If processors are oversubscribed (you are using more processes than
processors), the SGI spin locks used for synchronization in GA are a very bad
idea. In such a case Sys V semaphores work much better.

Sun 
---
Solaris by default provides only 1MB limit for the largest shared memory
segment. You need to increase  this value to do any useful work with GA. For
example to make SHMMAX= 2GB, add either of the lines to /etc/system::

    set shmsys:shminfo_shmmax=0x80000000 /* hexidecimal */ 
    set shmsys:shminfo_shmmax=2147483648 /* decimal     */ 

After rebooting, you should be able to take advantage of the increased shared
memory limits. For more info, please refer to the article in SunWorld:

    http://www.itworld.com/Comp/2378/UnixInsider/
    
Also see Note below.

Compaq/DEC
---------- 
Tru64 is another example of an OS with a pityfully small size of the shared
memory region limit. Here are instruction on how to modify shared memory max
segment size to 256MB on  the Tru64 UNIX Version 4.0F: 

1. create a file called /etc/sysconfig.shmmax 
cat > /etc/sysconfig.shmmax << EOF 
ipc: 
shm-max = 268435456 
EOF 
You can check if the file created is OK by typing: 
/sbin/sysconfigdb -l -t /etc/sysconfig.shmmax 

2. Modify kernel values: sysconfigdb -a -f /etc/sysconfig.shmmax ipc 

3. Reboot 

4. To check new values: /sbin/sysconfig -q ipc|egrep shm-max 

For more info:
    http://www.tru64unix.compaq.com/docs/base_doc/DOCUMENTATION/V40F_HTML/AQ0R3GTE/CHLMTSXX.HTM

Also see Note below.

HP-UX 
-----
In most HP-UX/11 installations, the default limit  for the largest shared
memory segment is 64MB. A system administrator should be able to easily
increment this value to better suit the applications needs: 

1. Start sam (HP System Administration Manager). 
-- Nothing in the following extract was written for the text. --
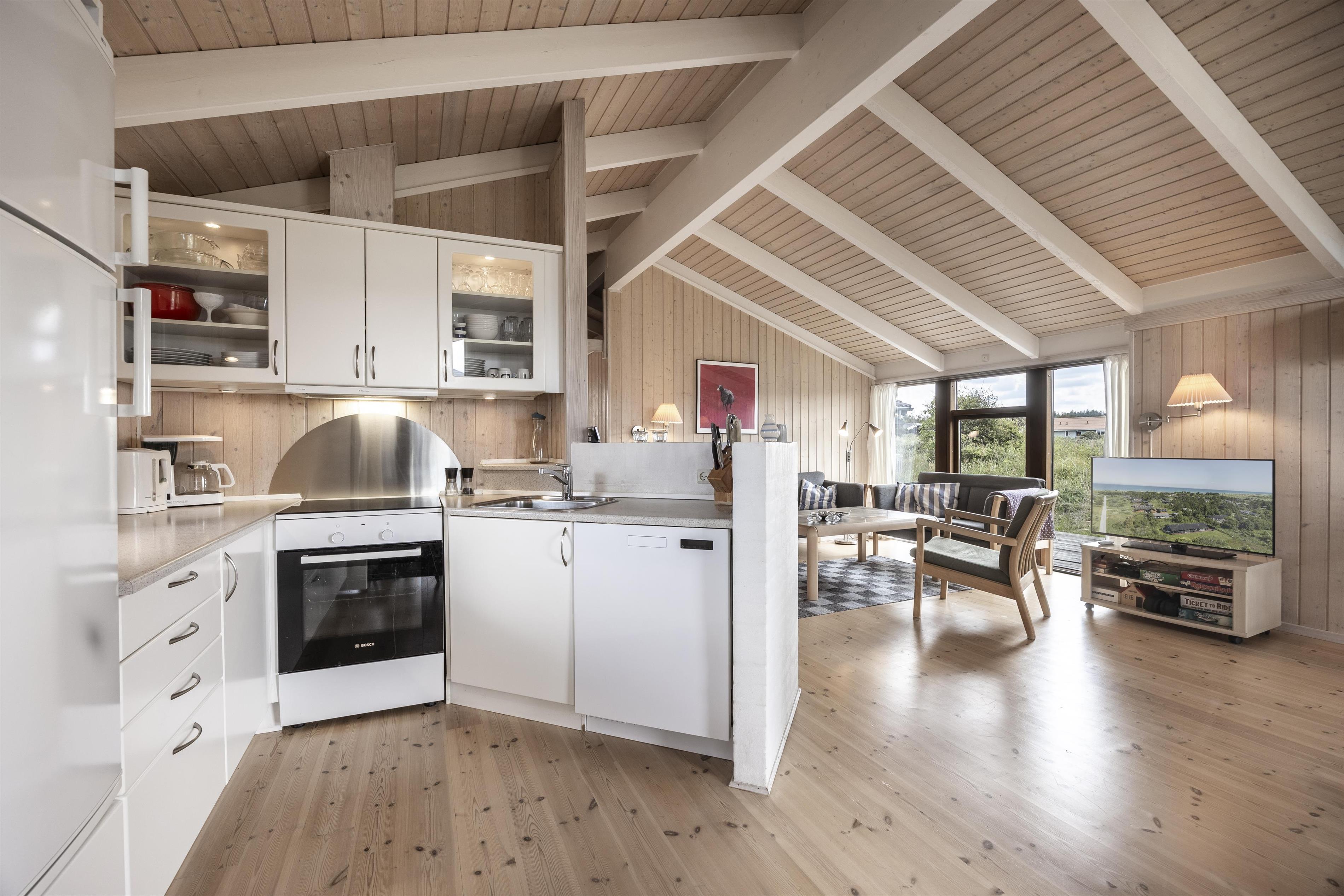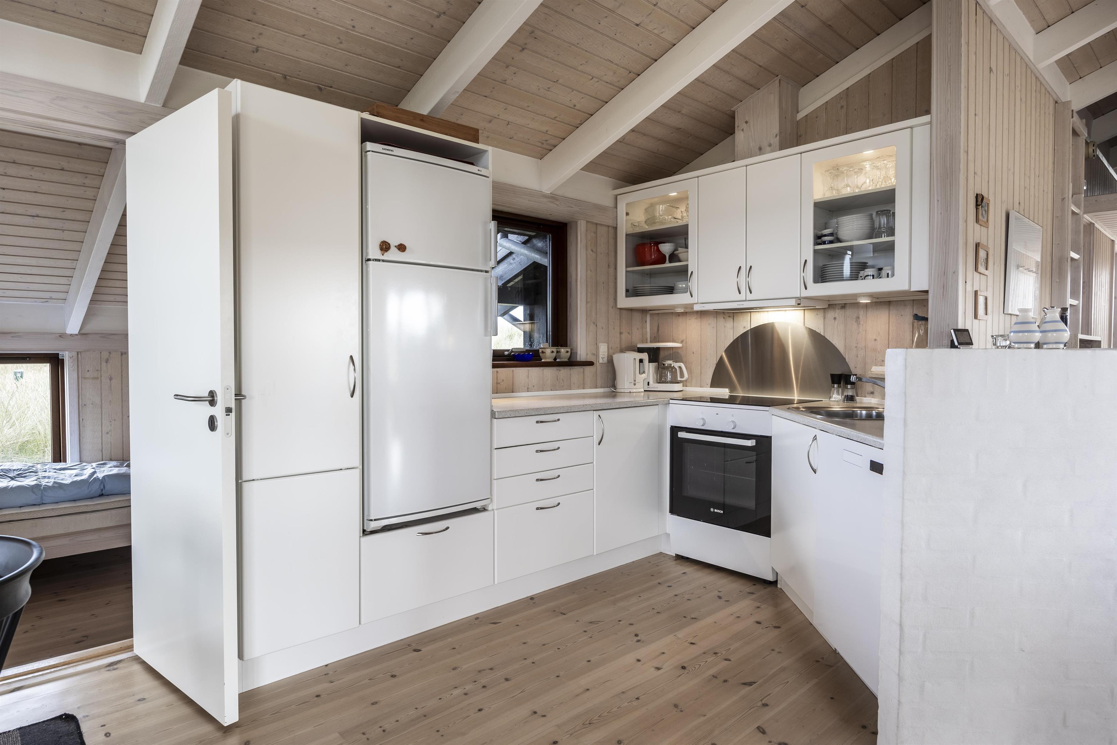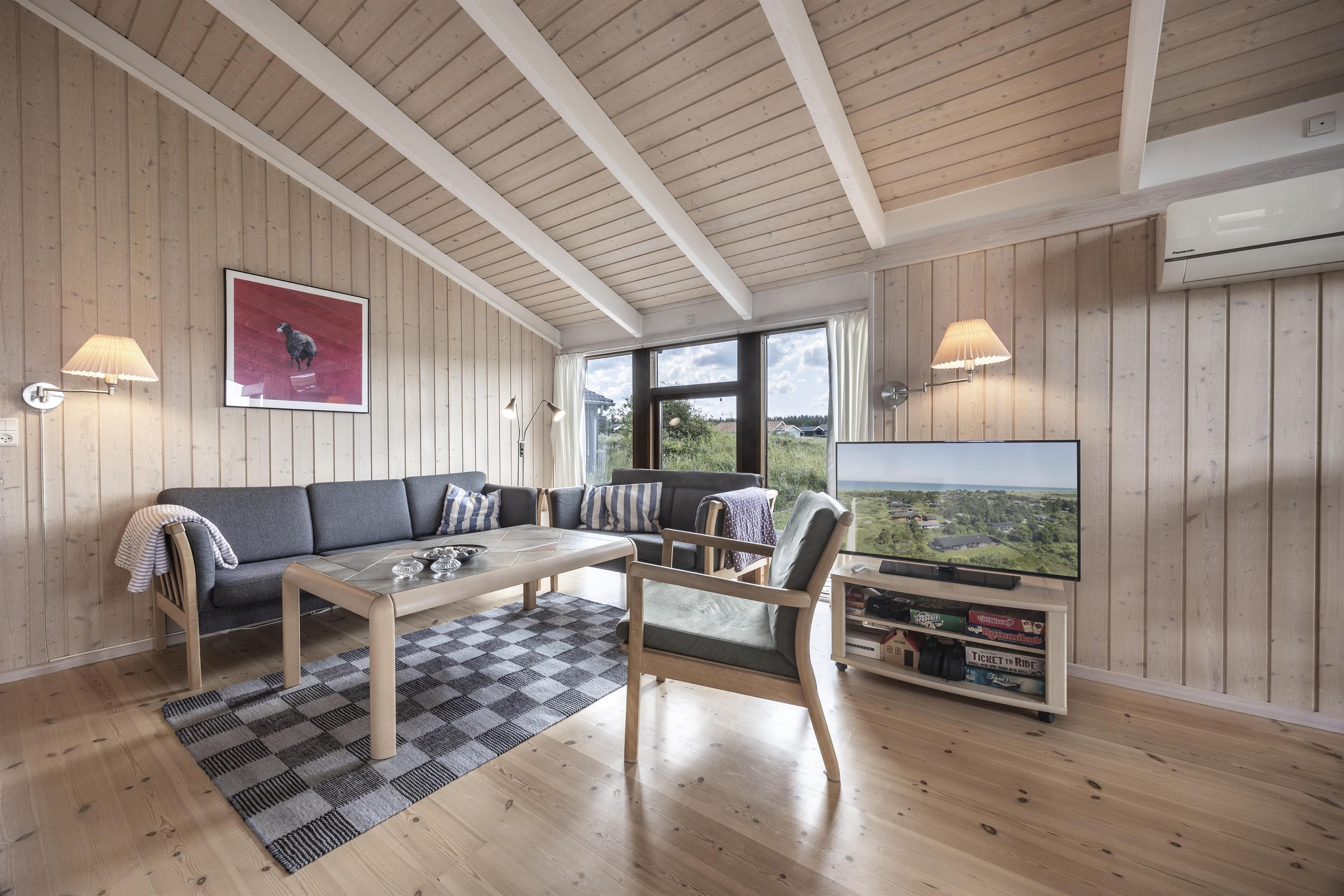 Willkommen in einem einladenden und gepflegten Ferienhaus an der dänischen Westküste, ideal für Familien oder Freundesgruppen, die Erholung und gemeinsame Zeit in naturnaher Umgebung suchen. Das Haus bietet Platz für bis zu 8 Personen und ist mit Fokus auf Gemütlichkeit und Funktionalität eingerichtet. Im Wohnzimmer sorgt ein Kaminofen für eine warme und entspannte Atmosphäre – perfekt für kühlere Abende. Der offene Wohnbereich ist mit komfortablen Sitzgelegenheiten ausgestattet und mit der vollständig eingerichteten Küche verbunden, die alles bietet, was Sie für einen angenehmen Aufenthalt benötigen. Große Fensterflächen lassen das herrliche Licht Nordjütlands ins Innere strömen und verstärken das Gefühl, der Natur ganz nah zu sein – zu jeder Jahreszeit.

2. Go to Kernel Configuration, select Configurable Parameters. 
   Click on the shmmax entry on the list. 

3. From Actions menu select Modify Configurable Parameter. Click on the 
   radio button Specify New Formula/Value and fill in a desired value for 
   SHMMAX in the hexadecimal format e.g.,  0X8000000 (128MB). 

4. Finally, select Process New Kernel from the Actions menu. It will 
   apply the new value of SHHMAX into the kernel after rebooting the system. 

The C compiler (commercial version) under HP-UX 10.2 performs incorrect
address calculations for shared memory references. GNU gcc works fine.  This
problem manifests itself in global/testing/test.x failing.  If it happens, GA
has to recompiled with gcc.

Fujitsu VX/VPP
--------------
The code will not complile because of the missing header file.  This file
references MPlib library, a trade secret of Fujitsu.  The GA/ARMCI binaries
can be obtained from nobes@fecit.com.

Cray systems
-------------
J90 and SV1 - MPI related issues
................................
    * Only MPI message-passing library is supported (TCGMSG-MPI also).
    * Must use "mpirun -nt" rather than "mpirun -np" command to run
      GA based codes.
    * The Cray MPI_Abort implementation is broken(hangs).
      GA aborts using _exit().
    * MPI_Initialized() is also broken - we cannot detect if some
      other library already initialized MPI.

FreeBSD 
-------
To increase the shared memory segments on FreeBSD the following two sysctl's
should be added to the startup scripts (e.g. /etc/rc.local): 

sysctl -w kern.ipc.shmmax=67108864 
sysctl -w kern.ipc.shmall=16384 

the first sysctl allocates 64Mbytes of memory, the second does the same thing
in 4k pages (4k * 16384 = 64M), you must set both sysctl. 

Note on SHMMAX: 
---------------
Setting very large values of SHMMAX is not recommended. In particular, it
should not be bigger than the swap space or even the amount of physical memory
in the system. For most applications, 128-256MB values should work fine.